One concern I’ve heard is that an older child will “drink all the milk” for the newborn. But our brains are so intelligent and our bodies so magical. Every time we bring baby to the breast, the brain is able to determine who is latched on from the information exchange facilitated through baby’s saliva. As long as mom and newborn are supported in being able to nurse on demand, the brain will get plenty of signals to keep making enough milk for the newborn. And when the toddler nurses the brain will understand from his or her saliva that this child is eating solid foods and is much more mature and doesn’t need the same composition of milk. Some moms who tandem nurse keep each child on their own breast exclusively. Sometimes if they pump from each breast, the milk from the breast the toddler nurses from will look radically different from the milk coming from the side the newborn nurses from. All this to say—-the toddler will not take away the newborn’s milk!
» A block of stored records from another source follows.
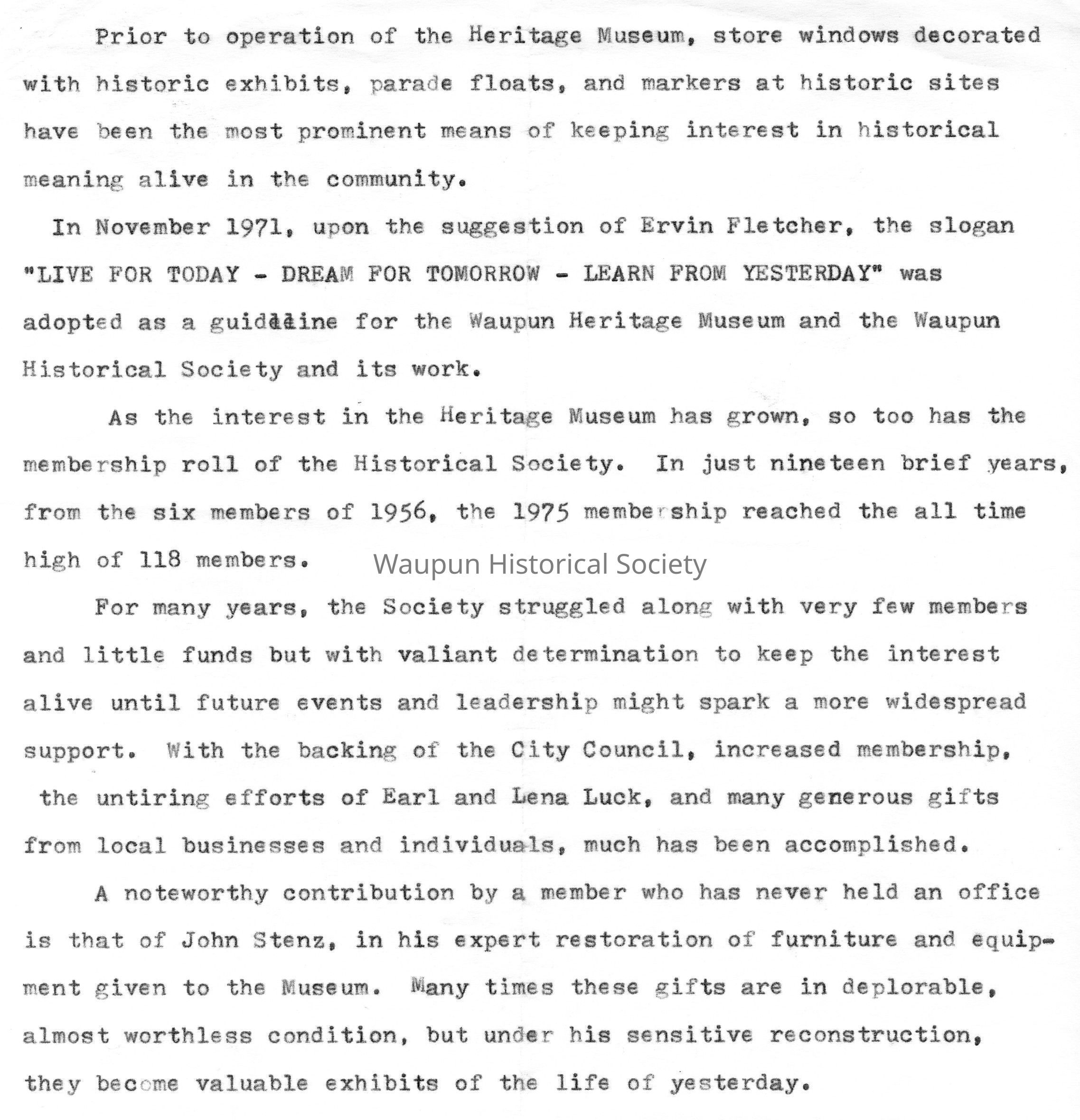 In November 1971, upon the suggestion of Ervin Fletcher, the slogan "Live For Today - Dream For Tomorrow- Learn From Yesterday" was adopted as a guideline for the Waupun Heritage Museum and the Waupun Historical Society and its work.
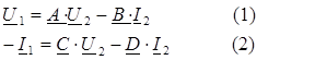 U 1 = A · U 2 - B · I 2 (1)
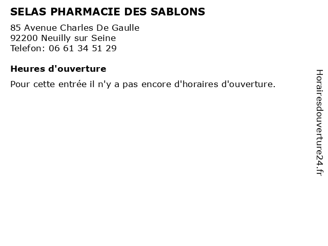 | Appeler SELAS PHARMACIE DES SABLONS | |
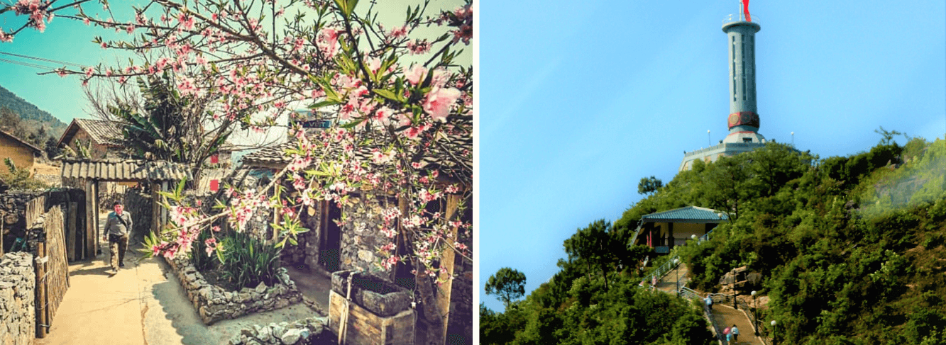 Là biểu tượng đánh dấu điểm cực Bắc của Việt Nam, cột cờ Lũng Cú được xây dựng trên đỉnh núi Rồng, thuộc một xã nhỏ ở huyện Đồng Văn, tỉnh Hà Giang. Nằm ở độ cao 1.470m so với mực nước biển, đây là một trong những địa điểm check in của nhiều bạn trẻ, đồng thời còn là điểm chinh phục của hầu hết tất cả các khách du lịch đến với Hà Giang. Để đến được cột cờ Lũng Cú bạn cũng cần phải sắp xếp đến Hà Giang du lịch, và cần phải có một lịch trình cụ thể, sớm nhất để tham quan nơi này vì cột cờ cách khá xa so với đoạn đường núi gần 200km. Nếu bạn muốn đến Hà Giang du lịch và ngắm nhìn được khung cảnh xinh đẹp nơi này thì một số thời điểm thích hợp nhất mà bạn nên cân nhắc chính là: Từ tháng 1 đến tháng 3: Vào khoảng thời gian này hoa mận, hoa đào, hoa cải vàng sẽ nở rộ, bạn sẽ chiêm ngưỡng được biệt danh “miền đá nở hoa” là như thế nào, nên đến đây vào thời gian này bạn sẽ được tham quan và tận hưởng những cảnh hoa đua nhau nở cực đẹp mắt. Bạn cũng có thể đến vào tháng 5 mùa nước đổ hay tháng 6 - 8 là khoảng mùa hè với thời tiết khô ráo, dễ dàng di chuyển và thuận lợi hơn trong việc tham quan cột cờ Lũng Cú. Hoặc bạn cũng có thể đến Hà Giang vào tháng 10 - 12 để tham quan cột cờ đồng thời đây là khoảng thời gian mùa hoa tam giác mạch nở trên cao nguyên đá Đồng Văn, bạn sẽ ngắm nhìn được những khung cảnh tuyệt vời nhất vào thời gian này. Điều đầu tiên khi bạn muốn đến tham quan cột cờ Lũng Cú Hà Giang là phải có một tấm vé máy bay đi Hà Nội. Sau khi đã đến Hà Nội rồi thì việc bạn cần làm sau đó là tìm cho mình một chiếc xe khách để đến thành phố Hà Giang của tỉnh Hà Giang, từ đây bạn cũng có thể thuê cả xe máy hoặc ô tô để lên đến Lũng Cú. Còn nếu bạn đang ở khu vực các tỉnh miền Bắc, bạn có thể lựa chọn đi xe khách, xe máy hoặc ô tô để đến cột cờ Lũng Cú theo đường quốc lộ 4C để đến Quản Bạ sau đó từ đây sẽ lên đến Đồng Văn. Nếu đã đến Đồng Văn rồi bạn chạy thẳng sẽ đến xã Sà Phìn, tiếp tục đi đến bạn sẽ gặp một ngã ba nếu đi thẳng bạn sẽ đến phố cổ Đồng Văn còn nếu ngược lại sẽ hướng về Lũng Cú. Được xây dựng trên đỉnh núi Rồng, nên để lên được đỉnh núi bạn cần trải qua 839 bậc thang, được chia làm 3 chặng, ở mỗi chặng sẽ có khu nhà chờ để du khách có thể nghỉ chân hoặc ngắm cảnh phía dưới núi. Sau khi leo hơn 800 bậc thang, bạn chắc chắn sẽ sững người đến tự hào khi chứng kiến cột cờ Lũng Cú với lối kiến trúc được xây dựng theo hình bát giác, có chiều cao 33.15m và lá cờ Tổ quốc 54m2 luôn tung bay trên đỉnh núi Rồng. Xung quanh thân cột cờ là hình mặt trống đồng Ðông Sơn và dưới chân cột cờ là tám tấm phù điêu minh họa cho các thời kỳ lịch sử vẻ vang của đất nước. Từ trên cột cờ nhìn xuống, bạn sẽ có cảm giác như được ngắm nhìn bờ cõi nước Nam ta trong tầm mắt. Được cảm nhận được không khí se lạnh của núi rừng Đông Bắc. Đứng ở núi Rồng, cảm giác như núi rừng Đông Bắc hòa cùng mây trời cao rộng, không những vậy, chỉ cần ngước mắt nhìn lên là hình ảnh tự hào dân tộc lại càng nâng cao lên với màu sáng tươi của lá quốc kỳ thiêng liêng tung bay. Vừa tạo cảm giác tự hào vừa lại hưng phấn khi chinh phục được đỉnh cao của một cột mốc lớn.
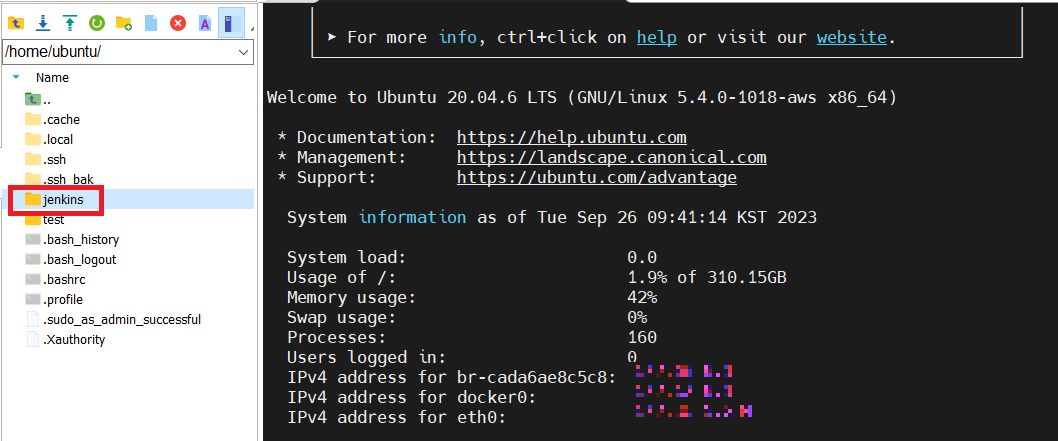그 다음 home/{사용자명} 폴더 아래에 - 나는 ubuntu기 때문에 home/ubuntu 폴더 였다 - jenkins 폴더를 하나 만들어서 그곳에 docker compose 파일을 복사해줬다!
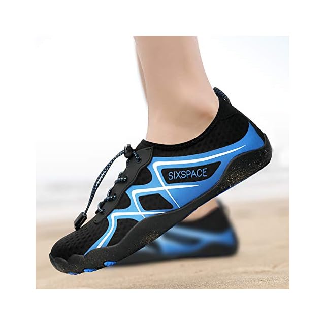 [SIXSPACE] マリンシューズ ウォーターシューズ アクアシューズ ビーチシューズ スニーカー ヨガ シュノーケリング 水陸両用 軽量 通気 ブルー 25.5cm

There’s plenty for everyone!
I also deeply appreciate tandem nursing for the way it assists with the transitions of siblinghood. It’s a lot for the youngest child to suddenly be bumped up to big sister or big brother, and the emotional reassurance that being able to still breastfeed provides is so welcome and amazing. I know that all of my children have adjusted to becoming older siblings so well because their breastfeeding process was not interrupted or ended because of the birth of a new child.
The tandem nursing process and all of these choices are different for every mom, for every pregnancy, for every baby, for every family. Many of us don’t know how we’ll be as mothers or what we’ll do until we’re in the moment. I didn’t set out to nurse everyday for the past six years, but that’s what has made sense for me, my children and our family flow. I imagine things would have looked differently had I not been the primary caregiver for all of my children, or had I had more hands-on support with my children. But I learned early on that in addition to all the health benefits of breastfeeding for my children, breastfeeding saved me and my family time, energy, money, and resources. The more children I have and the more time I spend cultivating our breastfeeding practice, the more grateful I am that I’ve poured so much of my labors into our breastfeeding journey. In my family breastfeeding is a way of life, and tandem nursing is an essential part of what makes breastfeeding sustainable and fulfilling for all of us.